As far as speed, 36V is going to be slower than you might want, but it should be good for zipping around.


----------



## gte718p (Jul 30, 2009)

frodus said:


> 300A PEAK is motor side and isn't equal to the draw on the batteries....
> 
> My motorcycle (signature) had 150A peak lead batteries. I could do 400A on the motor side. Power in is power out.... but current in doesn't always equal current out.
> 
> ...


I realize that. There are also efficiency issues, and I pay price in losses for running around at high amps. 
My plan is to gear it for a top speed of around 40mph. Speed limit in town is 35 and strictly enforced and I'll never take it on the highway. I have several cars and a trailer for long distance so its not really a concern. I'm hoping all the available torque will give me something that fun to run around town on.

I'm building on a 94 yahama xj600 frame. I really want a newer looking bike, so if this doesn't work out I may do a complete redesign with more batteries on a new frame


----------



## frodus (Apr 12, 2008)

35-40 should be doable.... definately have to gear it low though, the RPM/volt on the etek wouldn't make it spin very fast at 32/36VDC.

You'll be sacrificing efficiency and likely going to peak out the controller/motor at lower RPM due to the gearing. Just make sure its cooled sufficiently.


----------



## gte718p (Jul 30, 2009)

I'll look into the cooling. Thanks


----------



## gte718p (Jul 30, 2009)

Well the bikes done, with the exception of paint. It's a ton of fun. I need to drop the gear ratio on the front. A 13 tooth drive was the only thing I could source locally, however I really want to have a 10 tooth. Should be easy enough to order. Right now it will not get out of it's own way on a hill, but once it's moving it will fly.

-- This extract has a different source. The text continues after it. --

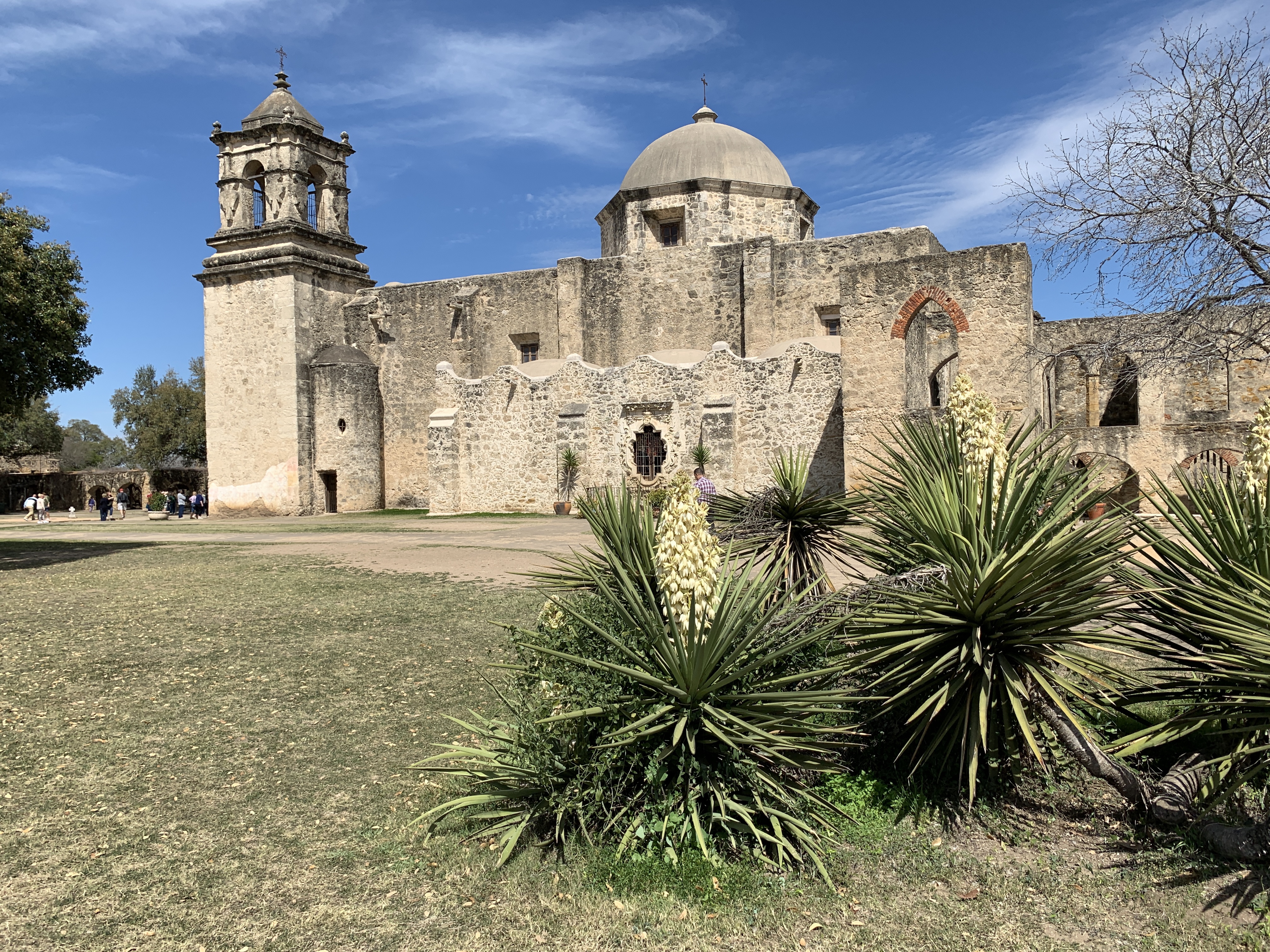 We rijden naar Missions National Historical park. In dit deel van San Antonio liggen 4 oude grensmissieposten uit de 18e eeuw. Twee daarvan hebben we bekeken, Mission Concepcion en Mission San Jose.

I'm still struggling with the charger. I bought the elite power charger. However it is only charging the pack to 41 volts. That seems low for a 12 cell pack. I believe, please correct me if I'm wrong, a full charge should be more in the 46 to 48 volt range. The spec one the elite say final voltage should be 43.8 but I'm not seeing it.


----------



## frodus (Apr 12, 2008)

I would heavily recommend against a 10 tooth on front.... its too tight of a radius for such a high RPM. I honestly wouldn't go below a 11, and thats cutting it close. There have been many others on ES and ELmoto that have seen the same thing. Its noisy, and it wears the chain more (due to the tighter bend).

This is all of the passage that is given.